Distilling Deep RL Models Into Interpretable Neuro-Fuzzy Systems

TL;DR

This paper introduces a method to convert deep reinforcement learning policies into compact, interpretable neuro-fuzzy controllers, maintaining high performance with significantly fewer rules.

Contribution

The authors develop a distillation algorithm that transforms deep Q-network policies into small neuro-fuzzy controllers, enhancing interpretability without sacrificing performance.

Findings

Nearly match DQN performance with only 2-6 fuzzy rules

Effective in three OpenAI Gym environments

Enables interpretable RL solutions

Abstract

Deep Reinforcement Learning uses a deep neural network to encode a policy, which achieves very good performance in a wide range of applications but is widely regarded as a black box model. A more interpretable alternative to deep networks is given by neuro-fuzzy controllers. Unfortunately, neuro-fuzzy controllers often need a large number of rules to solve relatively simple tasks, making them difficult to interpret.

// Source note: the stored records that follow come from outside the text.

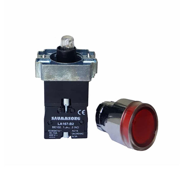 شاسی استپ چراغدار طرح تله سامسونگ مدل XB2-BW3471، از جمله شستی های تک فرمان یا کلیدهای لحظه ای فرمان است که به آن شستی قطع یا شستی STOP نیز می گویند. از این نوع شستی ها جهت قطع لحظه ای و موقت جریان در مدار فرمان سیستم های اتوماسیون و خط تولیدها و تابلوبرق های صنعتی استفاده می شود و به واسطه آن، تجهیزی که شستی استپ در آن به کار رفته است، به طور موقت و لحظه ای با فشردن شستی، مدار فرمان قطع و تجهیز خاموش می شود و به محض برداشتن انگشت از روی آن، مجدد مدار فرمان وصل و تجهیز راه اندازی می شود. این شاسی استپ چراغدار سامسونگ که دارای عملکرد موقت و لحظه ای است، دارای ابعاد کوچکی بوده که با توجه به رنگ بندی هایی که دارد، جایگزین بسیار مناسبی به جای استفاده از کلید در مدار فرمان می باشد. شکل کلگی شاسی های استپ XB2 برند سامسونگ به شکل دایره بوده و درون قالب و گاردی از جنس فلز که آن هم به شکل دایره می باشد و همانند محافظ عمل می کند، جای داده شده است که مانع از برخورد اتفاقی اجسام به آن می شود. این نوع از شستی ها برای شروع به کار کردن نیاز به اعمال فشار توسط انگشت دست دارد که باید اینکار به صورت کامل و صحیح انجام شود.
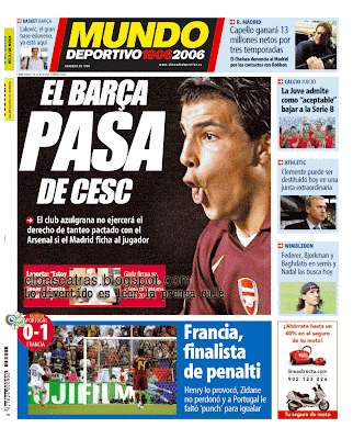 1. Está claro que estoy estaría en portada si en lugar de Cesc hubiese sido Cristiano o Pepe. No tengo la menor duda
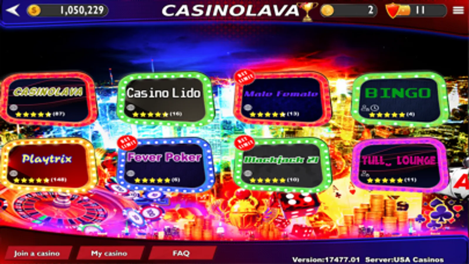 Play the actual real casino and game-room / poker-club games. The real slots, video-pokers, video-blackjack, and more. Win big!
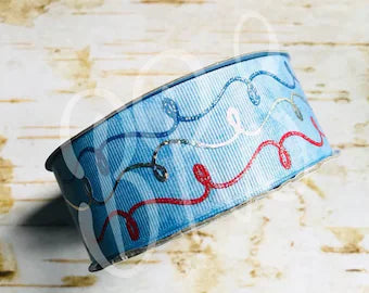 1.5" Silver Foil and Glitter Doodles on light denim USDR grosgrain ribbon
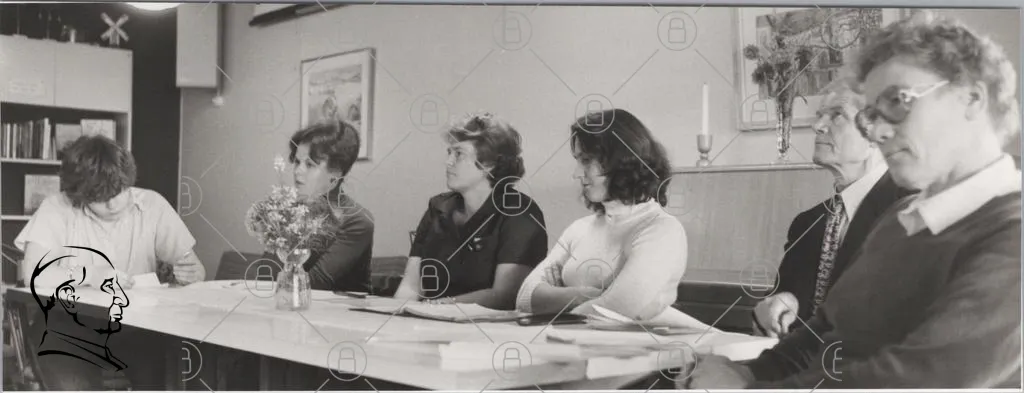 kvinnor, möte, 1960-tal, svartvitt, diskussion, bord, anteckningar, kläder, interiör, grupp, fokus, ansikten, samhälle, utbildning, samarbete, tradition, stil, retro, fotografi, historia
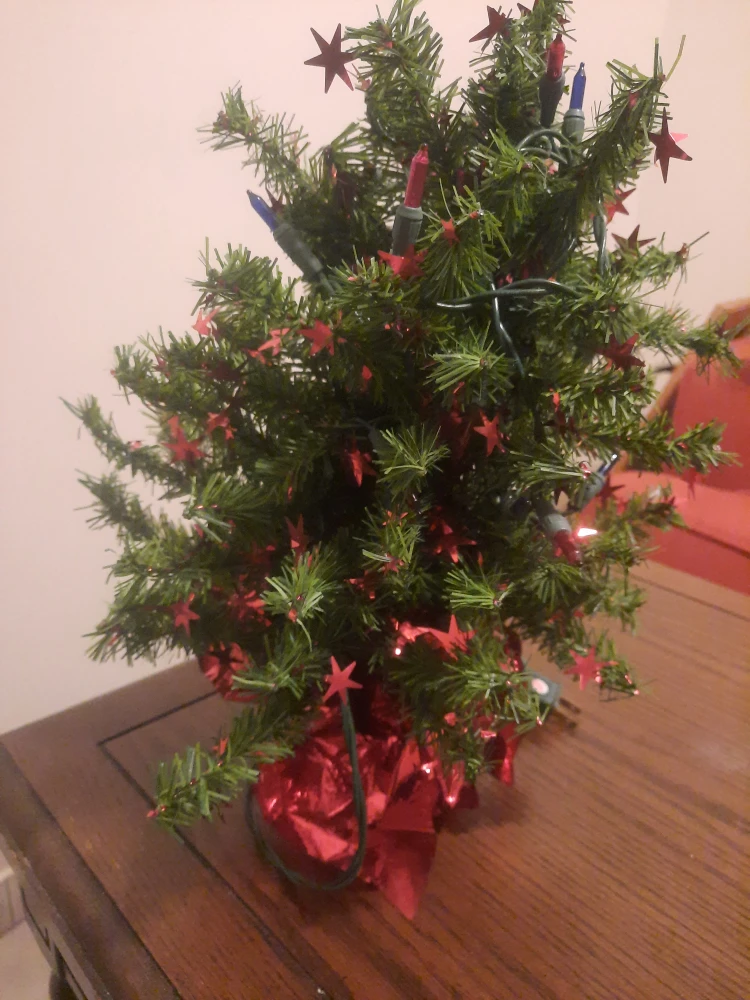 Here's a small Table/Desk-top Christmas tree, all decorated and ready to go! It's perfect for adding a bit of festive cheer to a small space, like an apartment or office. It's in great condition and comes with the lights and sparkles already on it. From a Clean Pet Free & Smoke Free Home DM for Pickup Near Steeles Ave W & Mavis Rd Moving Sale...I have other items to browse. Some Great Gift Ideas! Come create a bundle and let's make a deal! Thank-you for Checking.

In this work, we present an algorithm to distill the policy from a deep Q-network into a compact neuro-fuzzy controller. This allows us to train compact neuro-fuzzy controllers through distillation to solve tasks that they are unable to solve directly, combining the flexibility of deep reinforcement learning and the interpretability of compact rule bases. We demonstrate the algorithm on three well-known environments from OpenAI Gym, where we nearly match the performance of a DQN agent using only 2 to 6 fuzzy rules.